• Exercise:
Pictures stay out; everything else in the listing below is to be restated word for word.

• Data section:
◆ ◆ ◆ ◆

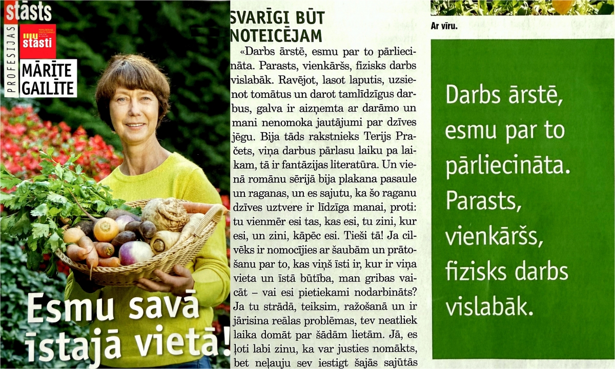Esmu savā īstajā vietā!" Tā par sevi saka agronome un dārzeņkope Mārīte Gailīte. Jau pirms skolas gaitām Mārīte skaidri zinājusi, kur mācīsies un par ko strādās, un par savu vietu dzīvē ne reizes nav šaubījusies. Praktisks optimisms - ar pamatojumu un mērķi. Darbs ārstē, esmu par to pārliecināta. Un nu arī mazmeitiņa. Veiksme un bagātība!
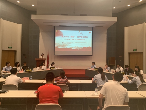 为促进共学共建, 6月2日,我校体育部直属党支部、档案馆党支部与广富林街道社区事务受理服务中心党支部联合开展“深入学习‘四史’ 坚守初心使命”为主题的“四史”学习教育知识竞赛。体育部直属党支部书记、档案馆馆长沈洁,体育部主任朱江华,广富林街道社区事务受理服务中心副主任范丽,以及三个支部近40名党员及入党积极分子、部分民主党派人士、群众等参加活动。
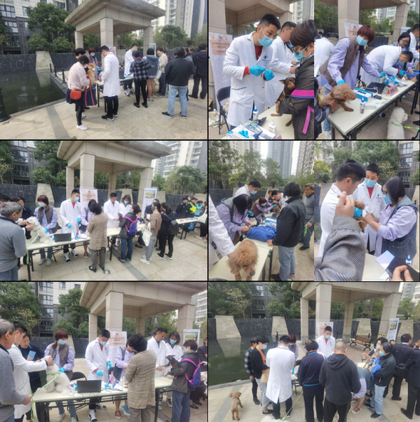 为持续深入推进党史学习教育,贯彻落实“我为群众办实事”,10月22日上午,动科系教学动物医院联合上海市农业执法大队,上海市松江区公安治安管理大队养犬办,松江区农业执法大队等部门,由动物医院负责人沈丽老师带队,带领党员志愿者在东鼎社区开展宠物义诊活动。

◆ ◆ ◆ ◆

• Task output:
Esmu savā īstajā vietā!" Tā par sevi saka agronome un dārzeņkope Mārīte Gailīte. Jau pirms skolas gaitām Mārīte skaidri zinājusi, kur mācīsies un par ko strādās, un par savu vietu dzīvē ne reizes nav šaubījusies. Praktisks optimisms - ar pamatojumu un mērķi. Darbs ārstē, esmu par to pārliecināta. Un nu arī mazmeitiņa. Veiksme un bagātība!
 为促进共学共建, 6月2日,我校体育部直属党支部、档案馆党支部与广富林街道社区事务受理服务中心党支部联合开展“深入学习‘四史’ 坚守初心使命”为主题的“四史”学习教育知识竞赛。体育部直属党支部书记、档案馆馆长沈洁,体育部主任朱江华,广富林街道社区事务受理服务中心副主任范丽,以及三个支部近40名党员及入党积极分子、部分民主党派人士、群众等参加活动。
 为持续深入推进党史学习教育,贯彻落实“我为群众办实事”,10月22日上午,动科系教学动物医院联合上海市农业执法大队,上海市松江区公安治安管理大队养犬办,松江区农业执法大队等部门,由动物医院负责人沈丽老师带队,带领党员志愿者在东鼎社区开展宠物义诊活动。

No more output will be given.